▶ [Listed records]

◇ ◇ ◇ ◇ ◇

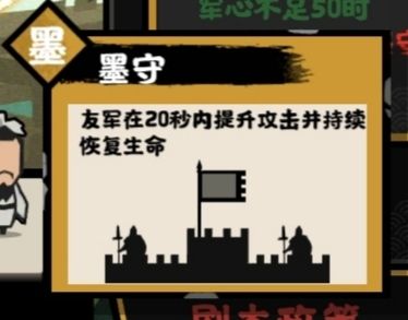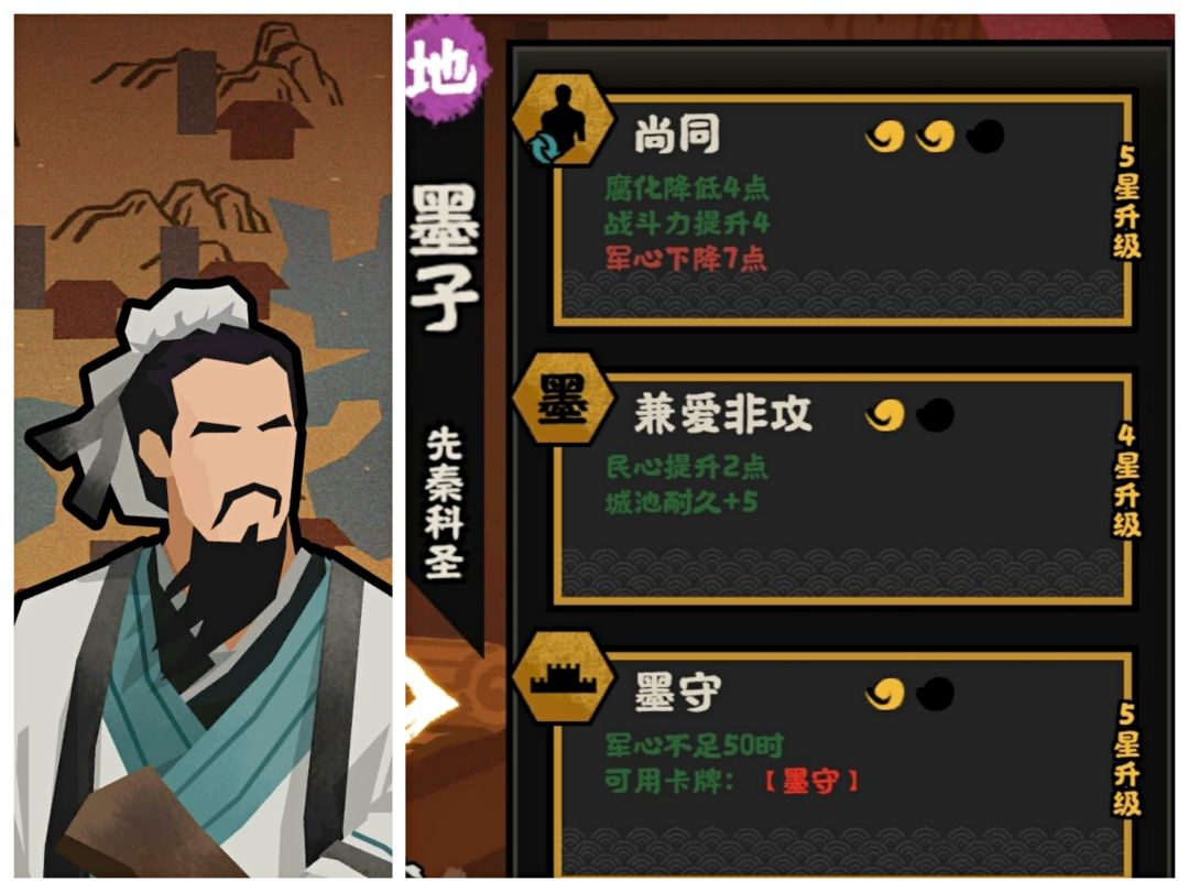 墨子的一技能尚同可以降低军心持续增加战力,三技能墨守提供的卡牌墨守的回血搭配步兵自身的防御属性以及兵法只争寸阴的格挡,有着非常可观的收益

◇ ◇ ◇ ◇ ◇

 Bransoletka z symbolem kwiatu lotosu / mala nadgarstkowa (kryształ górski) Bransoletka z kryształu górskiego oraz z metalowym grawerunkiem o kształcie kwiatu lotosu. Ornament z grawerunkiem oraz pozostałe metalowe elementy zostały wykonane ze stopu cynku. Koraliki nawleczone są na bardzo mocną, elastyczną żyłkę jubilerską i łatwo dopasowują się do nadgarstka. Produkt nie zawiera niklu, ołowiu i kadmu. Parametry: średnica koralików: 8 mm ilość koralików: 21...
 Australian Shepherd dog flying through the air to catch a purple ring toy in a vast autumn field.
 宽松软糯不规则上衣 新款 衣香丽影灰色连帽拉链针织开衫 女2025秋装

◇ ◇ ◇ ◇ ◇

▶ [Instructions to follow]
With the line that has "Australian Shepherd dog" as the first and the line that has "宽松软糯不规则上衣 新款 衣香丽影灰色连帽拉链针织开衫 女2025秋装" as the last, repeat exactly that run of lines above and no more.

▶ [Answer to this problem]
 Australian Shepherd dog flying through the air to catch a purple ring toy in a vast autumn field.
 宽松软糯不规则上衣 新款 衣香丽影灰色连帽拉链针织开衫 女2025秋装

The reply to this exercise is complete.